The middle two buildings had been leased as storage for the past few years, though one was now empty. The bookstore was the only busy commercial establishment left at this end of Hawthorne Avenue.

At that thought, he sighed.

After the reading of his mother’s will, he would need to make some hard decisions about the family home and theseproperties. And he’d need to do it fast before he shipped out to the Middle East again.

But what would happen to Beth’s beloved store if he sold out? He knew she couldn’t possibly have the money to buy it. If the new owners offered to lease it, it could end up far beyond her means.

He took a step into the empty building and surveyed the trash, old lumber, and crumbling boxes that had accumulated inside over the years.

During some of his long, cold, and deathly quiet nights on recon missions since his mother’s death, he’d sometimes let his mind wander back to these buildings.

Since this one had been vacant for a few years, would it even attract buyers?

Yet it seemed like a perfect location for a fine restaurant, or an upscale clothing store of some kind.

Or even better, a high-adventure sporting goods store, with kayak and canoe rentals handled at the walk-out basement level, where customers could launch a few yards from the back door.

Surely the increasing adventure-based tourism in the area would draw buyers with something like that in mind.

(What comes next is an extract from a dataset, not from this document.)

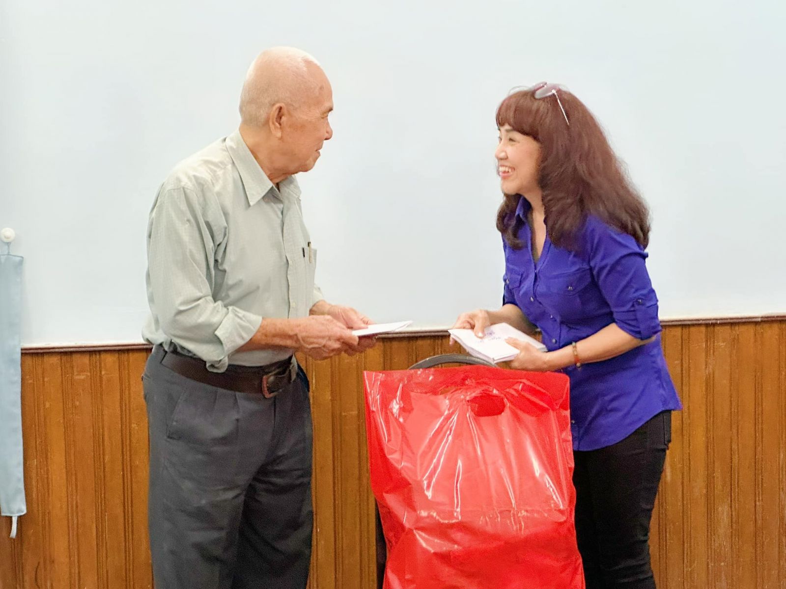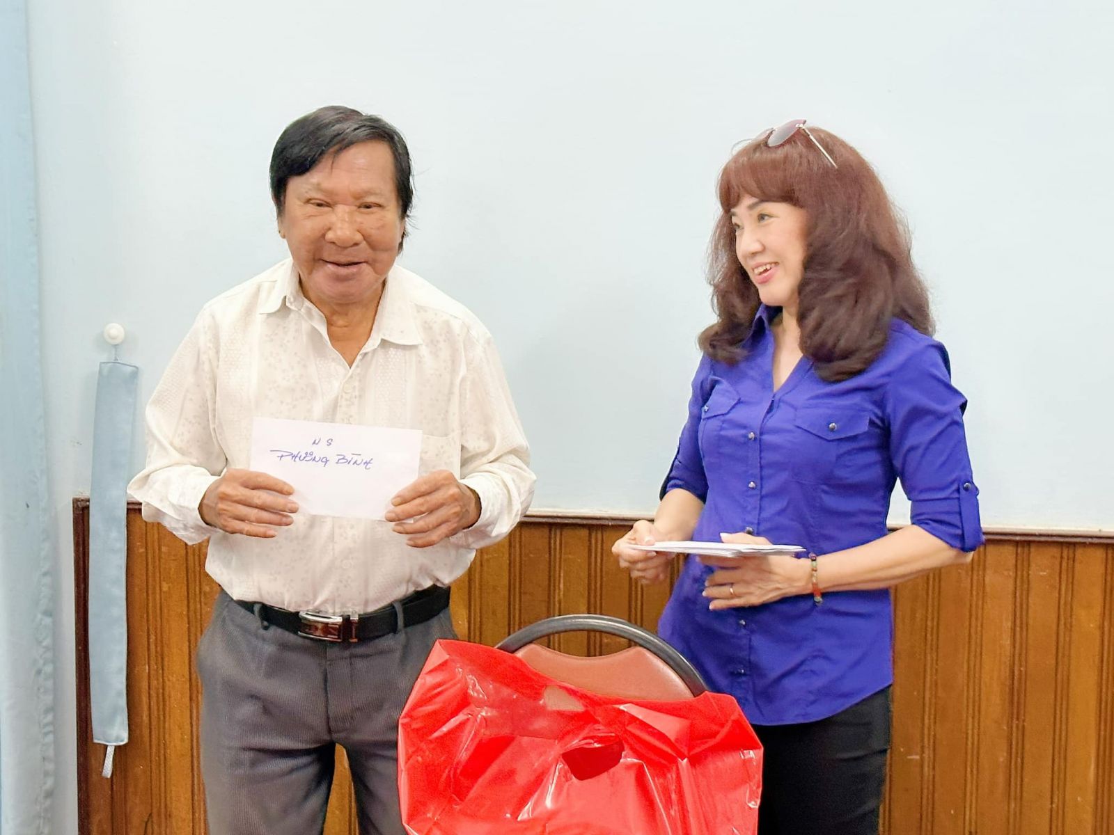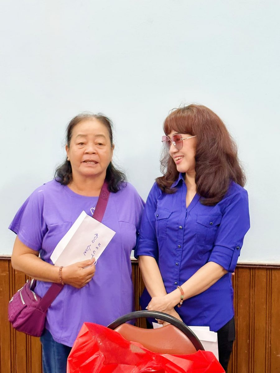 Vừa từ Mỹ về nước được mấy hôm, chị đã lên danh sách mời 16 nghệ sĩ lão thành, có hoàn cảnh khó khăn để tổ chức buổi gặp gỡ thân mặt . Danh sách này có những nghệ sĩ rất quen thuộc với khán giả như NSƯT Tô Kim Hồng, NSƯT Thanh Nguyệt- Quốc Nhĩ, NSƯT Hùng Minh – Hoa Lan, NS Hữu Tài Bích Thủy, NS Mạc Can, NS Phương Bình, danh hài Vũ Quang, NS Trang Thanh Xuân, soạn giả Đức Hiền…
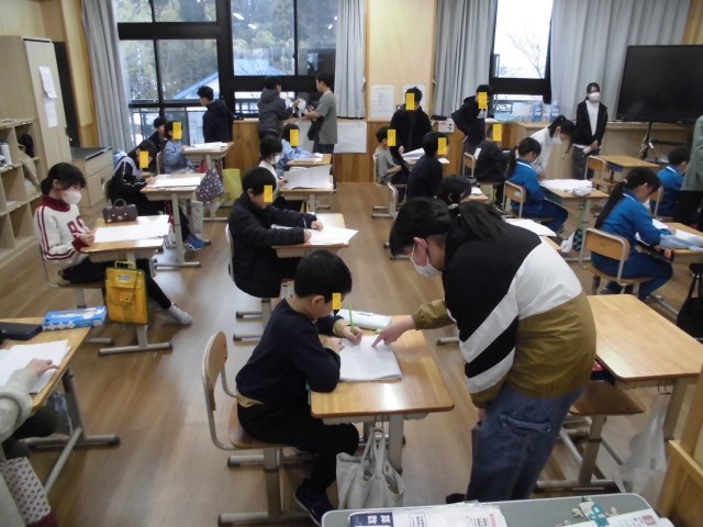 今日は各学級、個人の持ち物の片づけや持ち帰りの準備、掲示物の整理が行われていました。

He stifled a flash of regret at imagining the place belonging to someone else. Still, he certainly wasn’t planning to stay in town, much less start a business.

Sentiment wouldn’t pay the real estate taxes at the end of the year or the cost of ongoing upkeep.

Selling it to the right buyers could even bring more traffic to this secluded street and help Beth’s bookstore in the process, which would all be for the good.

Running a hand over the rough stone walls, he tried to force her from his thoughts, but her image stayed there—wounded, vulnerable, betrayed—with shock and pain in her eyes when he’d demanded a divorce and then walked out of her life.

Maybe he could finally absolve some of his own guilt if he were to set a rock-bottom price and a no-interest payment contract, to ensure that she could buy her beloved building. He owed her that and more for how badly he’d treated her.

Ifshe was even willing to talk to him about it. He had no doubts about her reaction when they met face-to-face at the lawyer’s office.

Her formal, distant words of sympathy at his mother’s funeral marked a chasm between them that would never heal.

He’d be lucky if she even showed up. But what did he expect, after what he’d done to her?

She was a forever kind of woman. She’d deserved so much more than being married to someone as damaged as he was.

At the oddly magnified sound of approaching footsteps, he lifted a hand to adjust his new hearing aid and froze, his senses still hyperalert as he fought back a flashback to mortar fire and an explosion of rock and steel.

For a split second, he couldn’t draw breath in that choking dust.